Please take the records that follow and repeat exactly the lines starting with the line with "5、 随后进入软件功能选项卡" and going on through the line with "в Кашире купить".

MATERIAL FOR THIS EXERCISE:
/---

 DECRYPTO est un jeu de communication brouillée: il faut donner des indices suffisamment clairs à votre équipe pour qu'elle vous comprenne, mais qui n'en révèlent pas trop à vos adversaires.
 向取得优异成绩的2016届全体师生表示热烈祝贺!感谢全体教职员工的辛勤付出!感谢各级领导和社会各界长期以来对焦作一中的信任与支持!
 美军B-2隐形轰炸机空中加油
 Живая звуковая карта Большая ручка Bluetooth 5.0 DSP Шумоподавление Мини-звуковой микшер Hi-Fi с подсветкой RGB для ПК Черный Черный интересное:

\---
/---

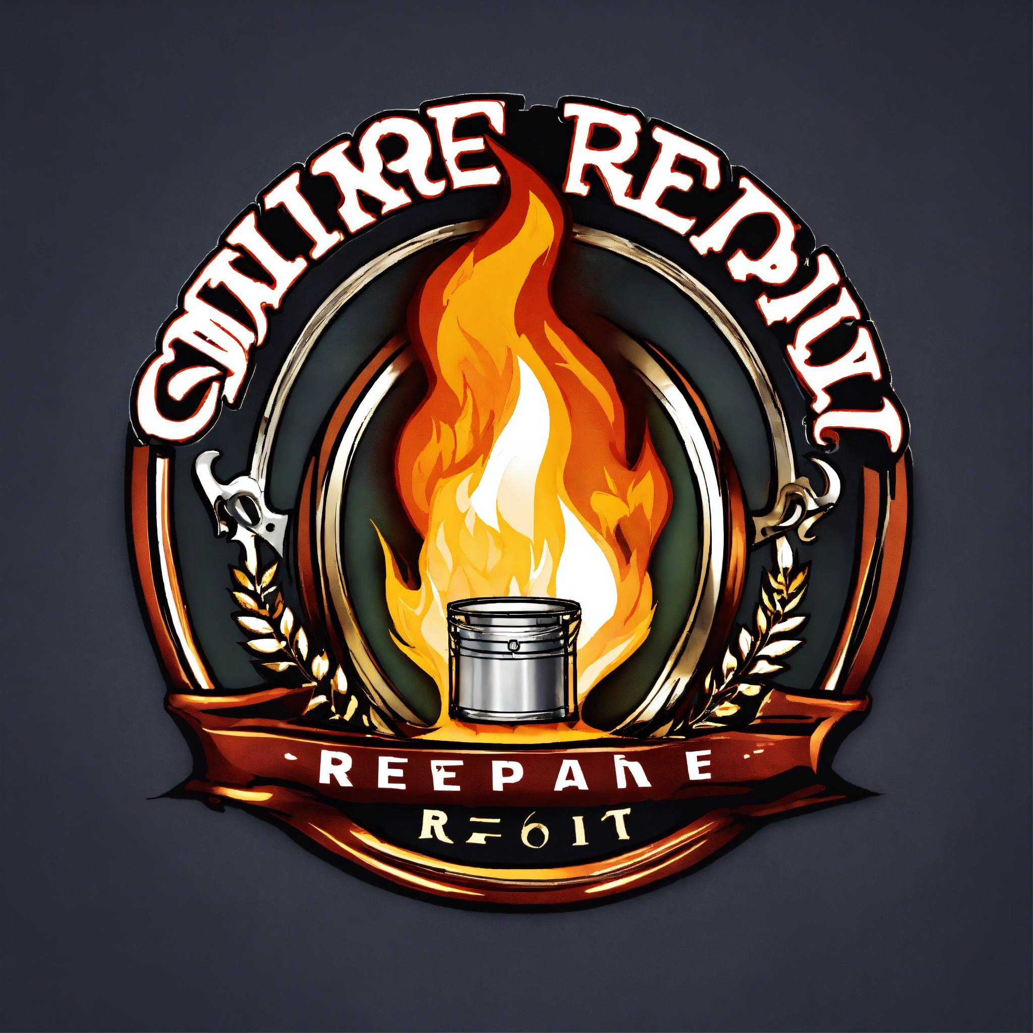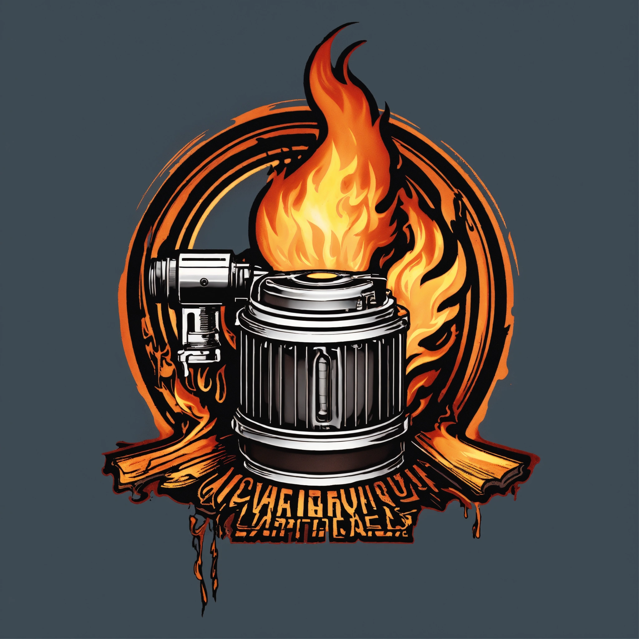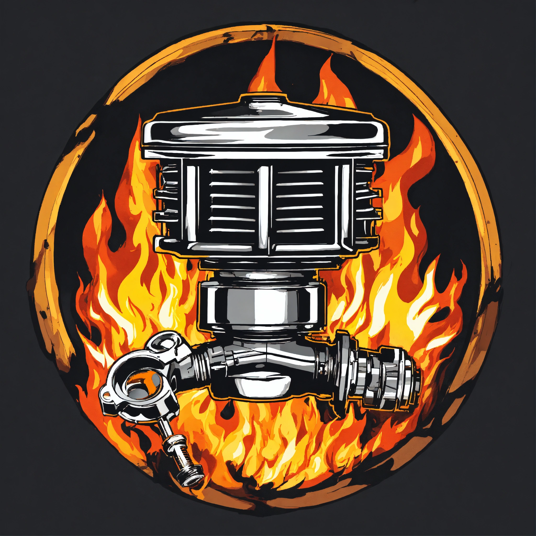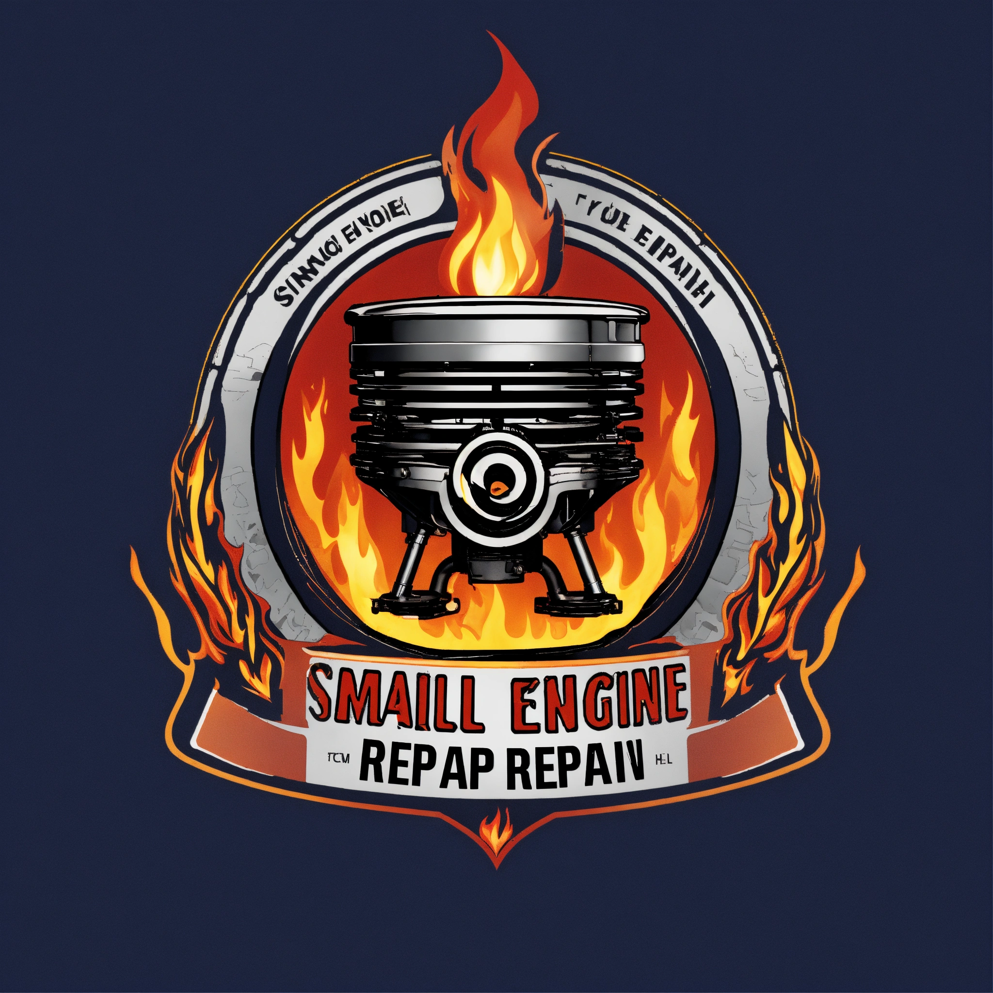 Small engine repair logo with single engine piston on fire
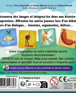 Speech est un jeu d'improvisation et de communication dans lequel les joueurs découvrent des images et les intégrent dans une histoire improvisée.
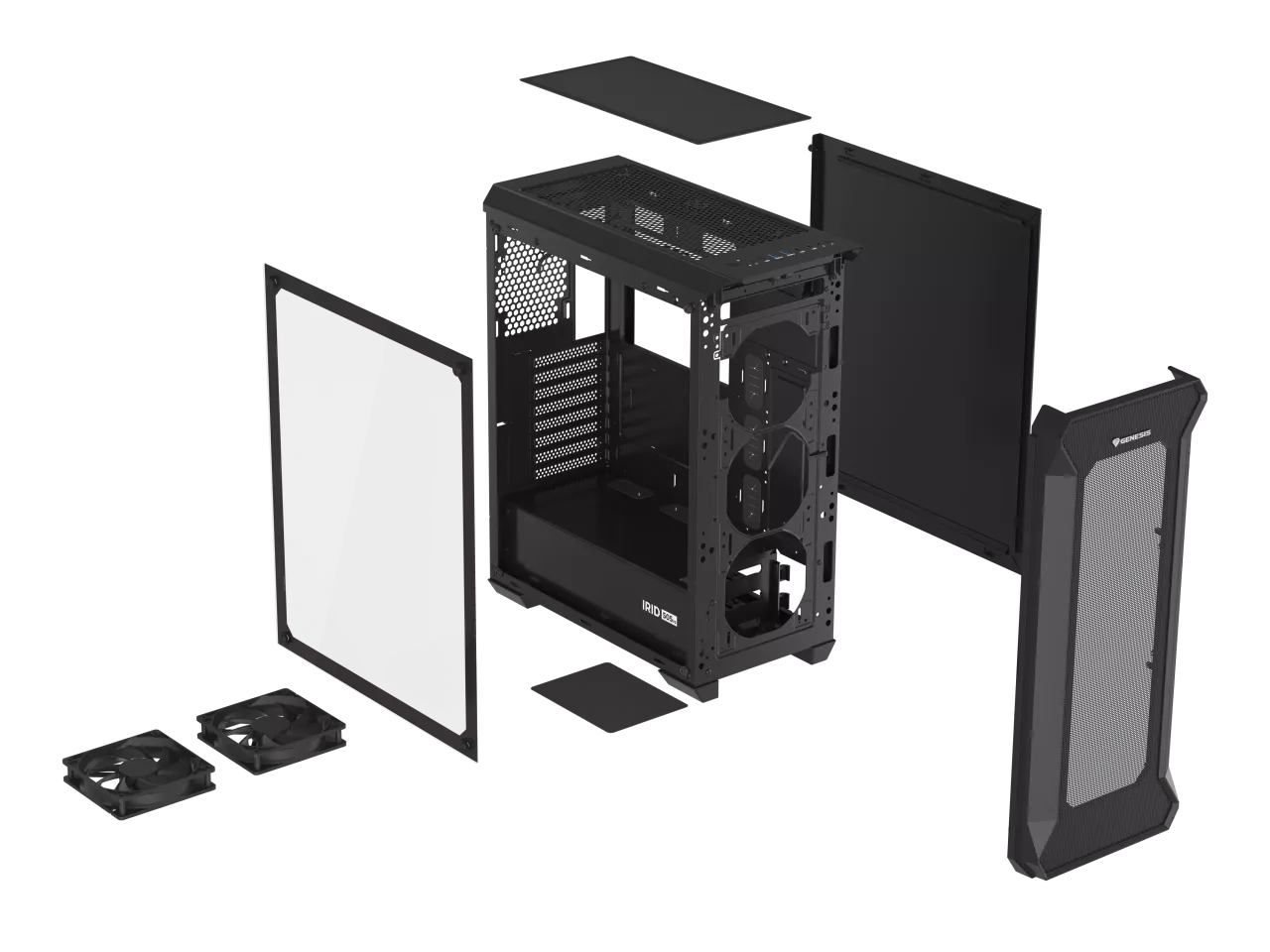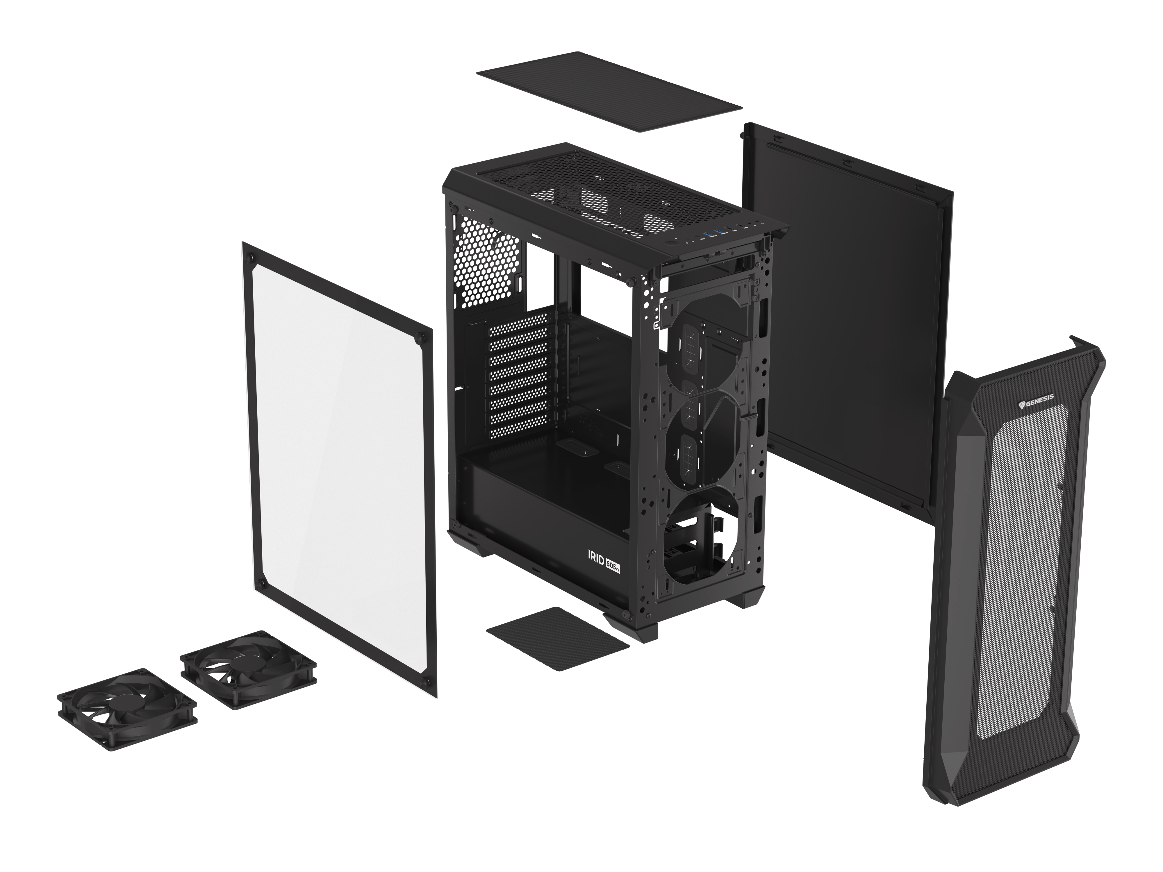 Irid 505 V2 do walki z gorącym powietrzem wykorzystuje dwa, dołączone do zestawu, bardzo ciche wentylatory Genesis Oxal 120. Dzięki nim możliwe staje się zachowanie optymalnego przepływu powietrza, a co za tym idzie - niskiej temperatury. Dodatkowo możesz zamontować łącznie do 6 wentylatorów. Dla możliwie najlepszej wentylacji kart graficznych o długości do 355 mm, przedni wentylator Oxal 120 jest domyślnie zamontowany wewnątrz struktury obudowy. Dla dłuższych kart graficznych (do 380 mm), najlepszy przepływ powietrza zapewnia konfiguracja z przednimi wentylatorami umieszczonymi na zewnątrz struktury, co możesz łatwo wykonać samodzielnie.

\---
/---

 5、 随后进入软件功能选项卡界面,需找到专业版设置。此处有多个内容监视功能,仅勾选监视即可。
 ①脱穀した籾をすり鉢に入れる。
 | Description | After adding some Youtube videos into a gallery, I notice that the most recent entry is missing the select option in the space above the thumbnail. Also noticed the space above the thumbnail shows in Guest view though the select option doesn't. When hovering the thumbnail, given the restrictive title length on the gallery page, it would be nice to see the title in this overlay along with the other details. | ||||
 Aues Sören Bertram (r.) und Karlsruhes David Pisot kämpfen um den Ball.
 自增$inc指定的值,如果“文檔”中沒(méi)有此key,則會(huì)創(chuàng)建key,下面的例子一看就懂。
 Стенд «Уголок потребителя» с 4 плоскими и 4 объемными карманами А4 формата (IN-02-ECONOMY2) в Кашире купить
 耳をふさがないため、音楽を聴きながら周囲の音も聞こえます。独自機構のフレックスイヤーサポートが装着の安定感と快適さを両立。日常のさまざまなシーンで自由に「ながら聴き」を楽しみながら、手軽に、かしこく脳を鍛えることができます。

\---

SOLUTION FOR THIS TASK:
 5、 随后进入软件功能选项卡界面,需找到专业版设置。此处有多个内容监视功能,仅勾选监视即可。
 ①脱穀した籾をすり鉢に入れる。
 | Description | After adding some Youtube videos into a gallery, I notice that the most recent entry is missing the select option in the space above the thumbnail. Also noticed the space above the thumbnail shows in Guest view though the select option doesn't. When hovering the thumbnail, given the restrictive title length on the gallery page, it would be nice to see the title in this overlay along with the other details. | ||||
 Aues Sören Bertram (r.) und Karlsruhes David Pisot kämpfen um den Ball.
 自增$inc指定的值,如果“文檔”中沒(méi)有此key,則會(huì)創(chuàng)建key,下面的例子一看就懂。
 Стенд «Уголок потребителя» с 4 плоскими и 4 объемными карманами А4 формата (IN-02-ECONOMY2) в Кашире купить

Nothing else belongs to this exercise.